WHAT YOU HAVE TO DO — Retype nothing except the lines below from the one with "De esta forma, el" through the one with "Russia, Empire. Alexander", exactly, with images left out.

DATA TO PROCESS —

Segment Open

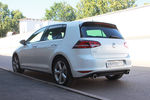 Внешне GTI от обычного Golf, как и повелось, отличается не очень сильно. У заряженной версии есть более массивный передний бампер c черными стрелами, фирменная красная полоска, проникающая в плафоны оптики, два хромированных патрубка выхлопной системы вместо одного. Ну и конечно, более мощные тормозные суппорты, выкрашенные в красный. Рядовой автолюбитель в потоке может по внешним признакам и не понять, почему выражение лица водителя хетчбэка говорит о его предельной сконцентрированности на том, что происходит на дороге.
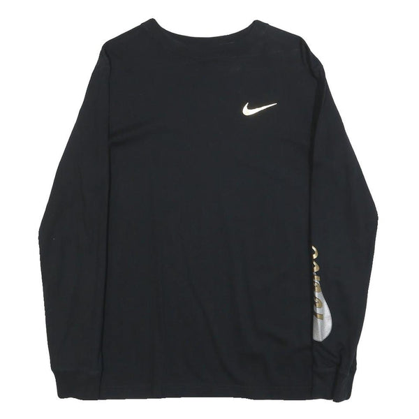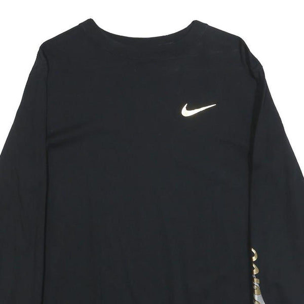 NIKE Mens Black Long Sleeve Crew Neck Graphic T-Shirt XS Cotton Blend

Segment Closed
Segment Open

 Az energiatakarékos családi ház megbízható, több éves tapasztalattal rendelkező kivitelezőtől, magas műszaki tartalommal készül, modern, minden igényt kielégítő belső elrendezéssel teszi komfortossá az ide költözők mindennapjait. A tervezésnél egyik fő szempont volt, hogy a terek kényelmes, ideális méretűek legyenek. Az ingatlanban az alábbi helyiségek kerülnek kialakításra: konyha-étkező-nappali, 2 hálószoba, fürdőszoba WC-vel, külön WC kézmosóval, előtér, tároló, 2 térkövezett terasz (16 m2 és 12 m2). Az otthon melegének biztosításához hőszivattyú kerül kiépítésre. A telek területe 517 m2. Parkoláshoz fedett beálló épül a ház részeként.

Segment Closed
Segment Open

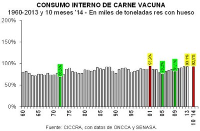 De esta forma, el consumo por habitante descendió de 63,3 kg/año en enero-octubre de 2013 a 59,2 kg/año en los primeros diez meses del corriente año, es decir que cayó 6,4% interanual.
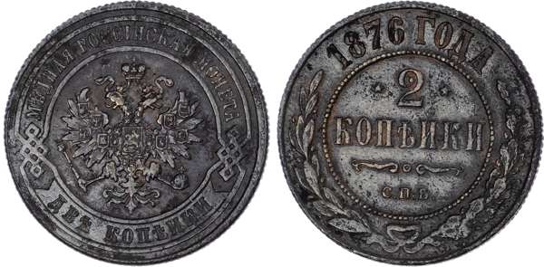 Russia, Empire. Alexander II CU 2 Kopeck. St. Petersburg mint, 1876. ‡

Segment Closed

ANSWER TO THE EXERCISE —
 De esta forma, el consumo por habitante descendió de 63,3 kg/año en enero-octubre de 2013 a 59,2 kg/año en los primeros diez meses del corriente año, es decir que cayó 6,4% interanual.
 Russia, Empire. Alexander II CU 2 Kopeck. St. Petersburg mint, 1876. ‡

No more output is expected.